Required action »
Write the listing below out again word for word, without a single picture.

Input data »
*** Begin section ***

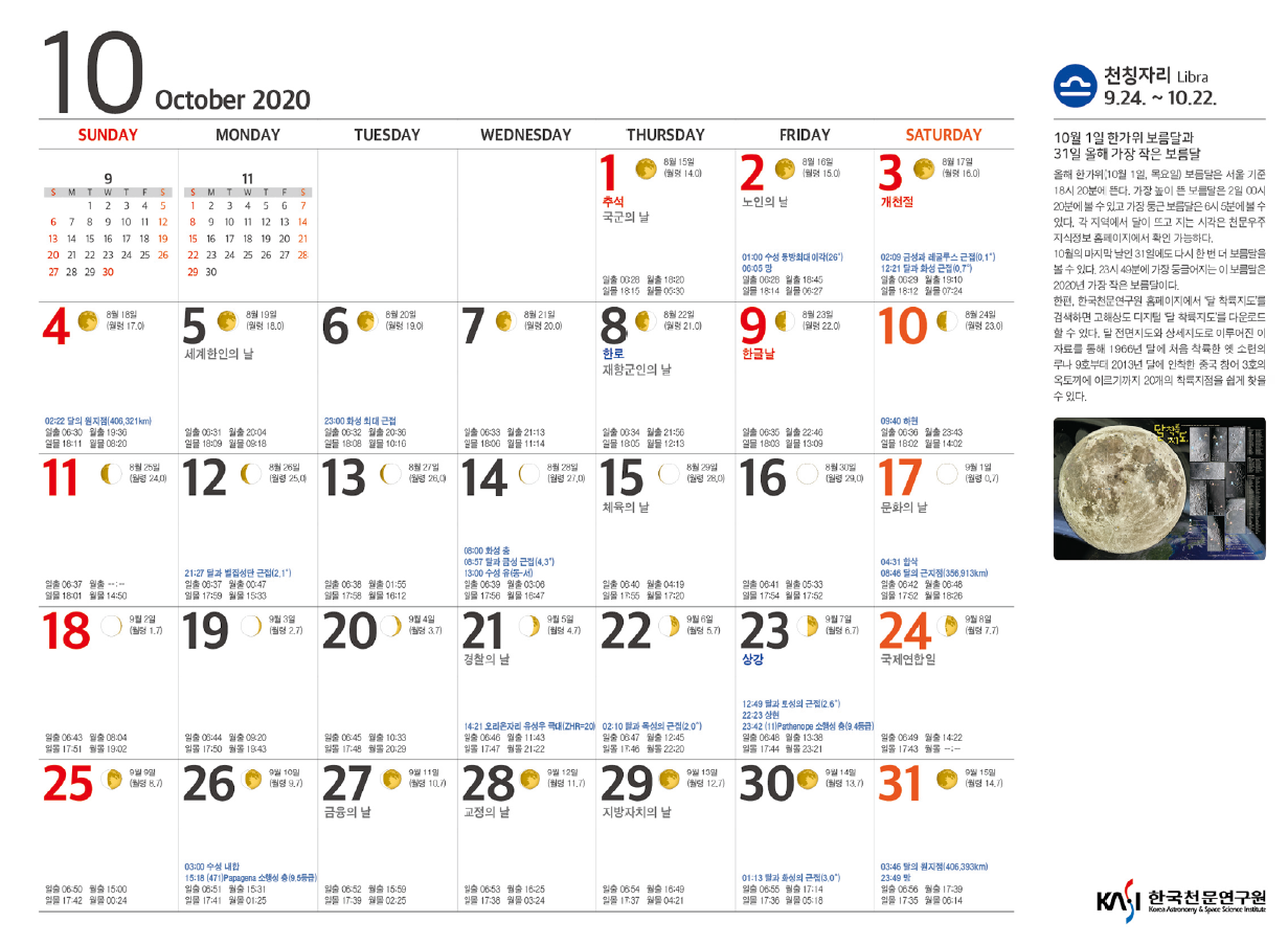 2020년 10월 천체현상 및 주요 천체관측대상입니다.
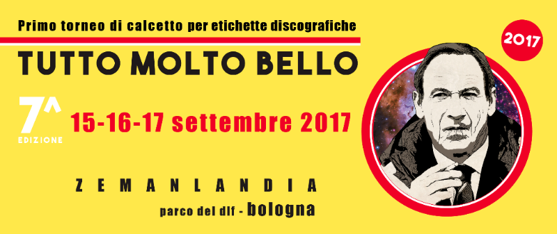 Riparte Tutto Molto Bello, il torneo di calcetto per etichette discografiche e operatori del settore musicale organizzato da Sfera Cubica, Modernista e Locomotiv Club. L’appuntamento è fissato per il 15, 16 e 17 settembre negli spazi del Parco del Dopolavoro Ferroviario di Bologna (campi da calcetto, Arena Puccini e Locomotiv Club), che per l’occasione in quei giorni diventerà Zemanlandia, in onore dell’allenatore boemo omaggiato nel logo di questa VII edizione.
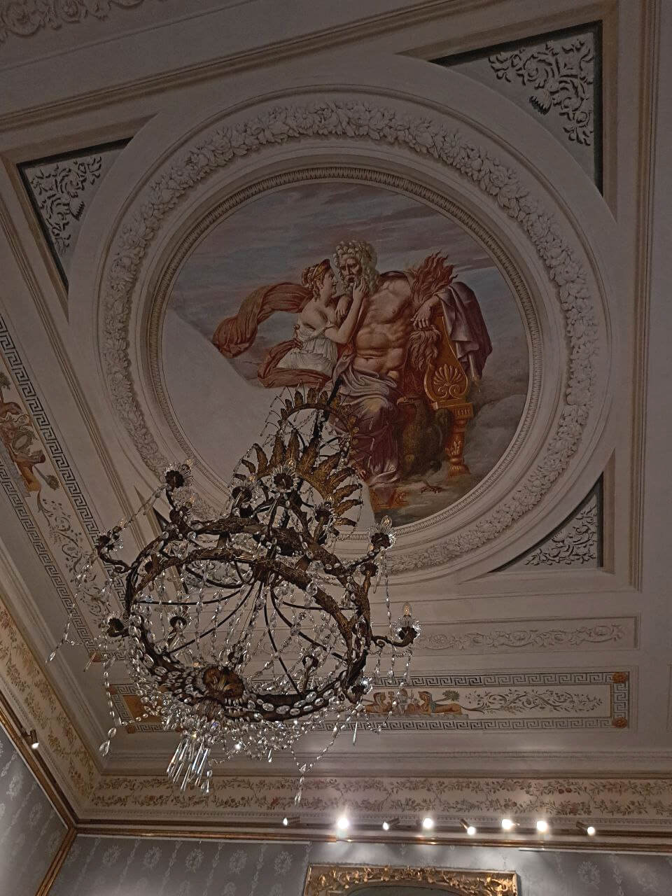 Si può facilmente immaginare la sorpresa, a Palazzo Ducale, quando ci si è trovati di fronte a queste decorazioni neoclassiche, preservate in particolare nella Stufetta. In questa stanza è stata anche ritrovata una porta di passaggio verso la Camera di Giove, precedentemente coperta dalle stoffe. Il magnifico soffitto proviene invece da Palazzo San Sebastiano: fu fatto spostare da Vincenzo I Gonzaga tra la fine del Cinquecento e gli inizi del Seicento.
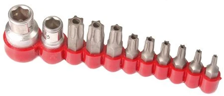 Bit-Satz | Antrieb Außensechskant 6,3 mm (1/4″) / 10 mm (3/8″) | T-Profil (für Torx) mit Bohrung | 11-tlg.

*** End section ***

Response below »
 2020년 10월 천체현상 및 주요 천체관측대상입니다.
 Riparte Tutto Molto Bello, il torneo di calcetto per etichette discografiche e operatori del settore musicale organizzato da Sfera Cubica, Modernista e Locomotiv Club. L’appuntamento è fissato per il 15, 16 e 17 settembre negli spazi del Parco del Dopolavoro Ferroviario di Bologna (campi da calcetto, Arena Puccini e Locomotiv Club), che per l’occasione in quei giorni diventerà Zemanlandia, in onore dell’allenatore boemo omaggiato nel logo di questa VII edizione.
 Si può facilmente immaginare la sorpresa, a Palazzo Ducale, quando ci si è trovati di fronte a queste decorazioni neoclassiche, preservate in particolare nella Stufetta. In questa stanza è stata anche ritrovata una porta di passaggio verso la Camera di Giove, precedentemente coperta dalle stoffe. Il magnifico soffitto proviene invece da Palazzo San Sebastiano: fu fatto spostare da Vincenzo I Gonzaga tra la fine del Cinquecento e gli inizi del Seicento.
 Bit-Satz | Antrieb Außensechskant 6,3 mm (1/4″) / 10 mm (3/8″) | T-Profil (für Torx) mit Bohrung | 11-tlg.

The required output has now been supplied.